» WHAT YOU NEED TO DO
Print nothing but the lines from the start of the listing below through the line that contains "For years players". Do not include the pictures.

» DATA SEGMENT
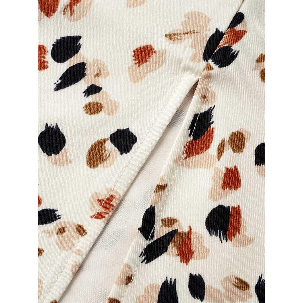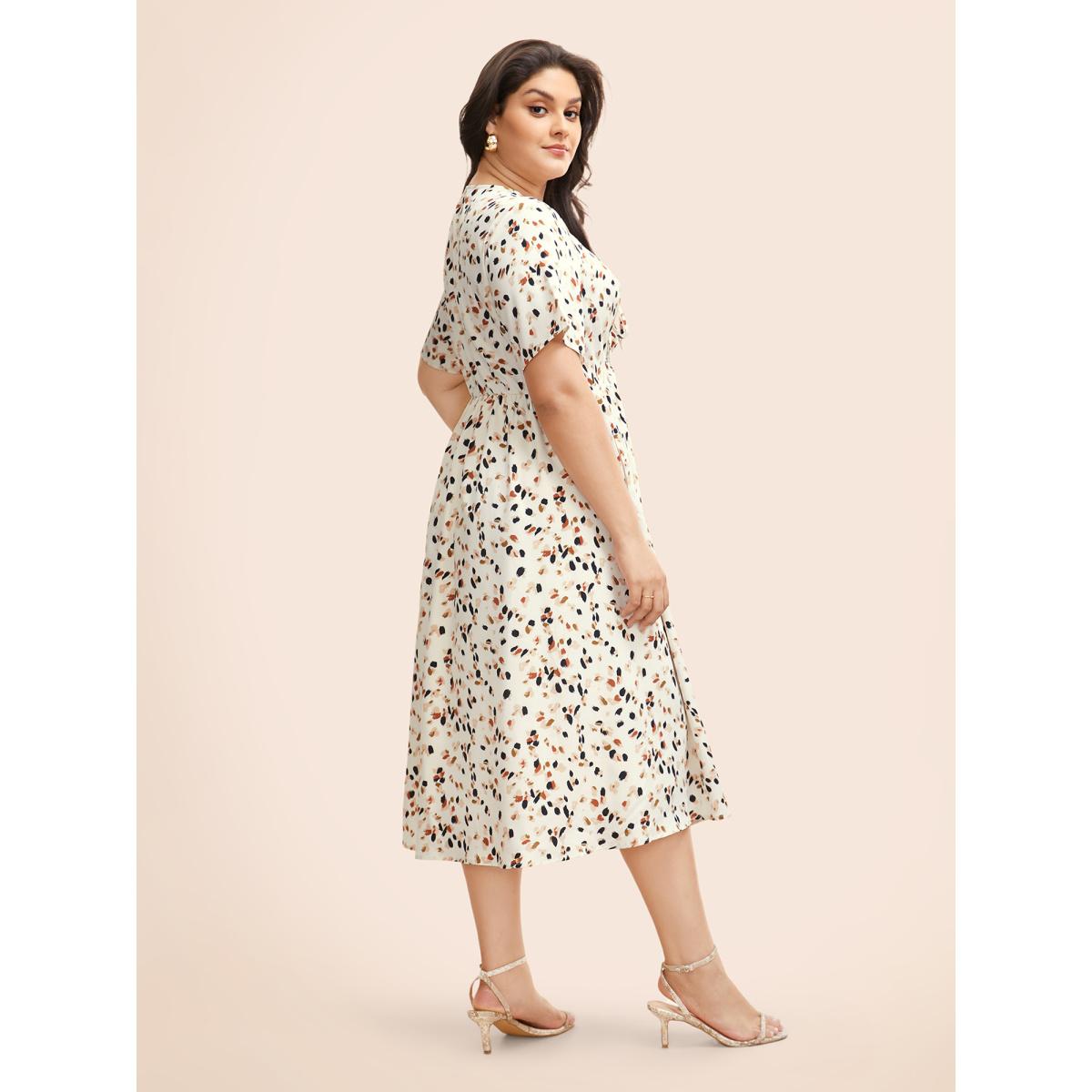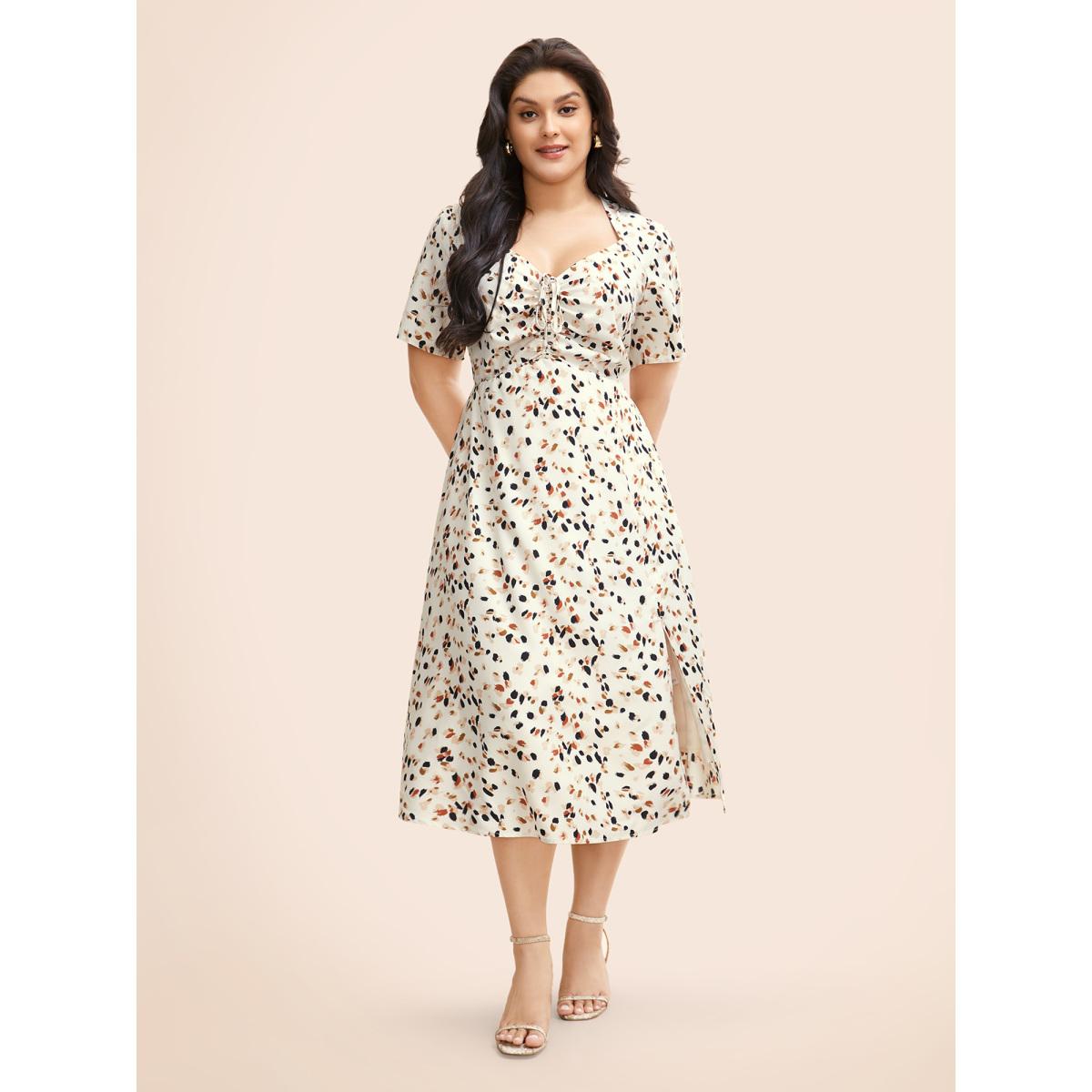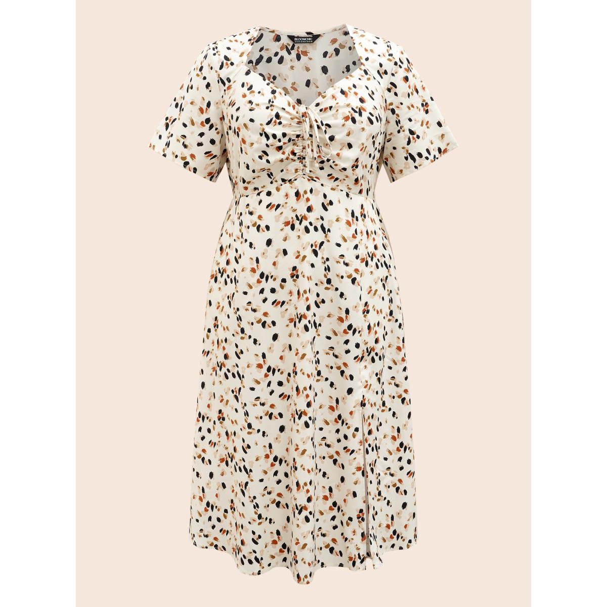 Plus Size Heart Neckline Allover Print Drawstring Dress Apricot Women Elegant Gathered Heart neckline Short sleeve Curvy BloomChic 14-16/1X
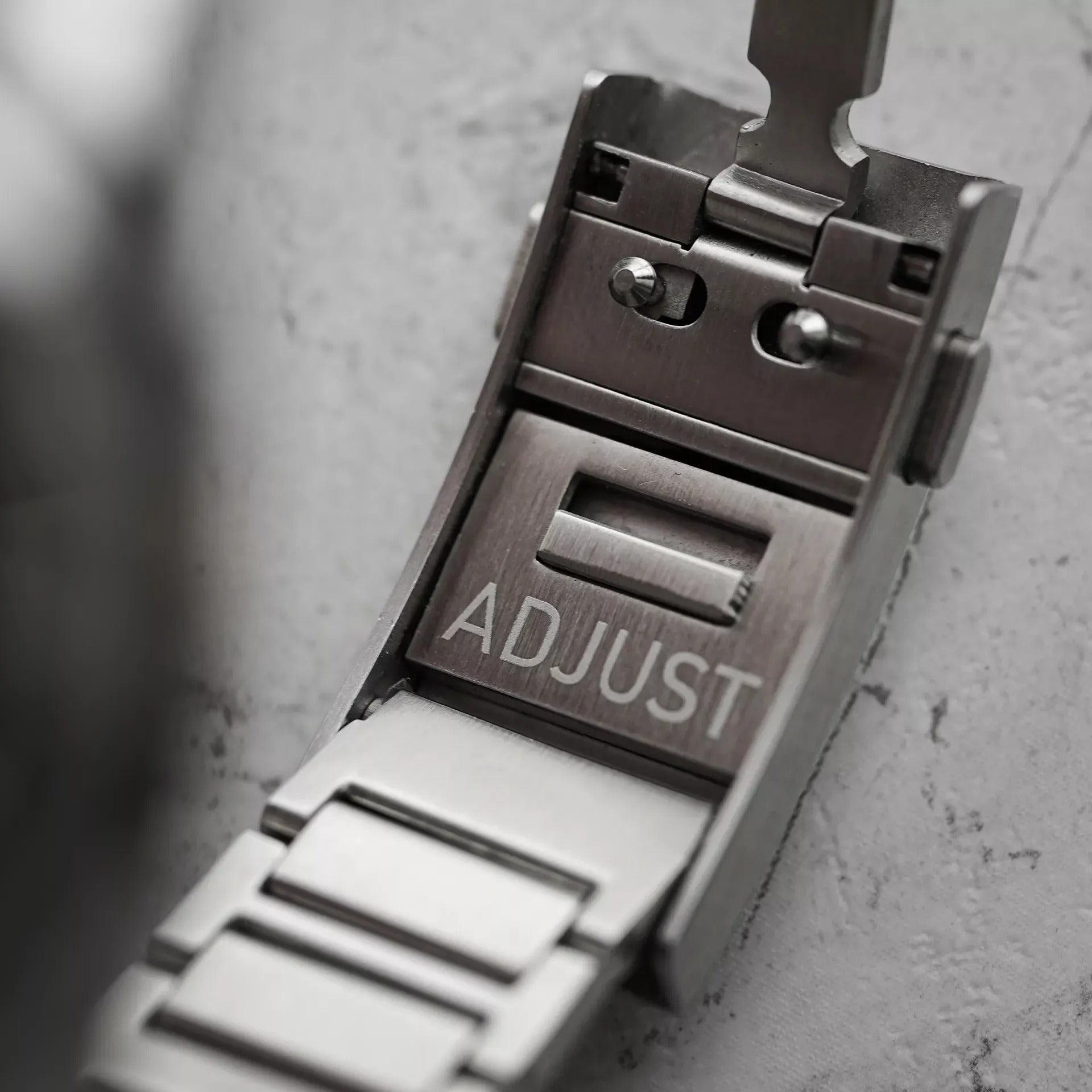 - Massives, integriertes Stahlband mit Schnellwechselsystem, verschraubten Gliedern (inkl. zwei Halbgliedern und Schraubenzieher) und Sicherheitsschließe mit Schnellverstellung
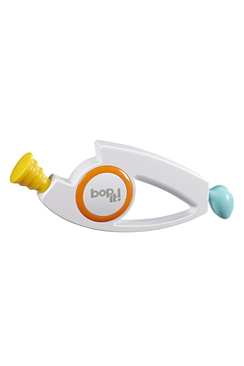 For years players have loved the simple and exciting "Bop It, Twist It, Pull It" actions featured in this iconic electronic Bop It! game. Players can face-off in a multiplayer game with the pass and play feature or beat their best in solo mode. The game unit has 3 different volume settings and announces the high score at the start of each solo game. It's a great game to bring to parties and get-togethers with family and friends.
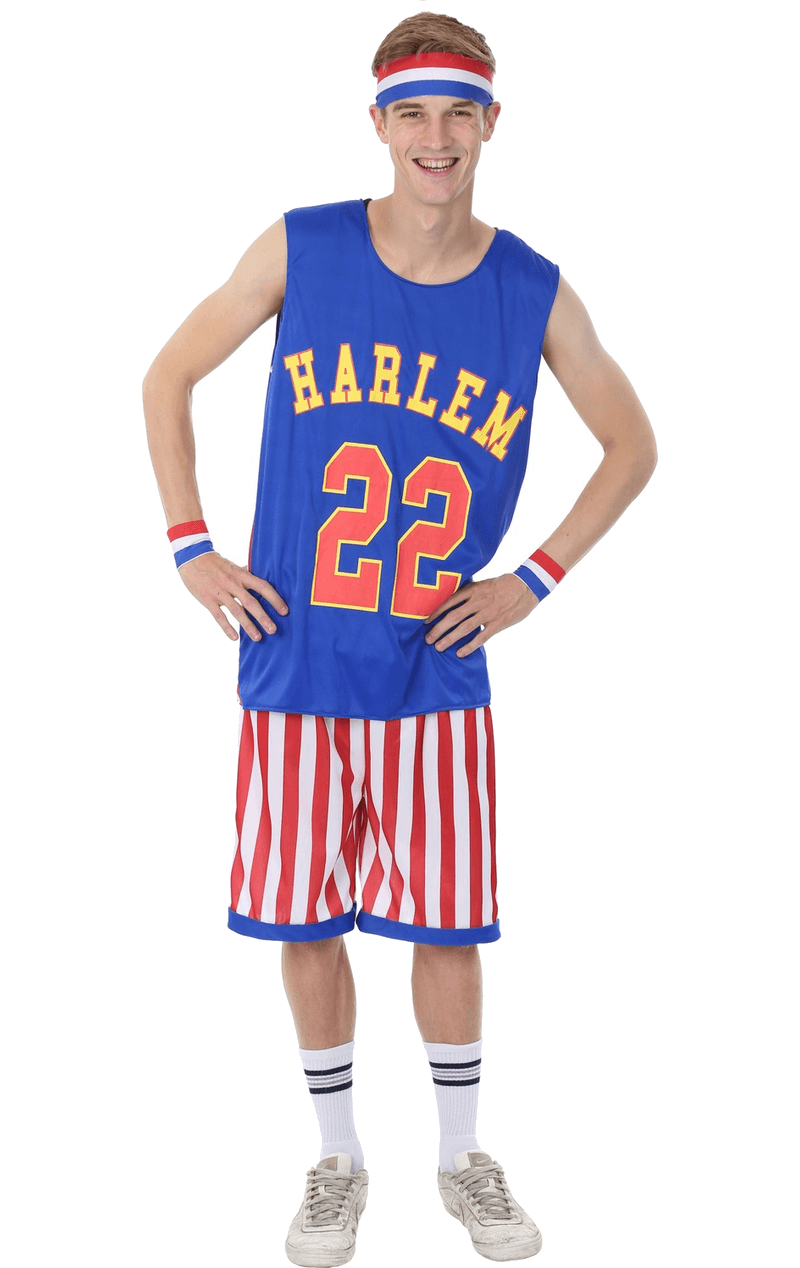 The Adult Harlem Globetrotters Costume comes complete with an electric blue tank top with the words ‘Harlem 22’ printed on the front. Also included are a pair of red and white striped shorts, a pair of red, blue and white wristbands, and finally, a matching headband to keep you cool.

» ANSWER TO THE EXERCISE
 Plus Size Heart Neckline Allover Print Drawstring Dress Apricot Women Elegant Gathered Heart neckline Short sleeve Curvy BloomChic 14-16/1X
 - Massives, integriertes Stahlband mit Schnellwechselsystem, verschraubten Gliedern (inkl. zwei Halbgliedern und Schraubenzieher) und Sicherheitsschließe mit Schnellverstellung
 For years players have loved the simple and exciting "Bop It, Twist It, Pull It" actions featured in this iconic electronic Bop It! game. Players can face-off in a multiplayer game with the pass and play feature or beat their best in solo mode. The game unit has 3 different volume settings and announces the high score at the start of each solo game. It's a great game to bring to parties and get-togethers with family and friends.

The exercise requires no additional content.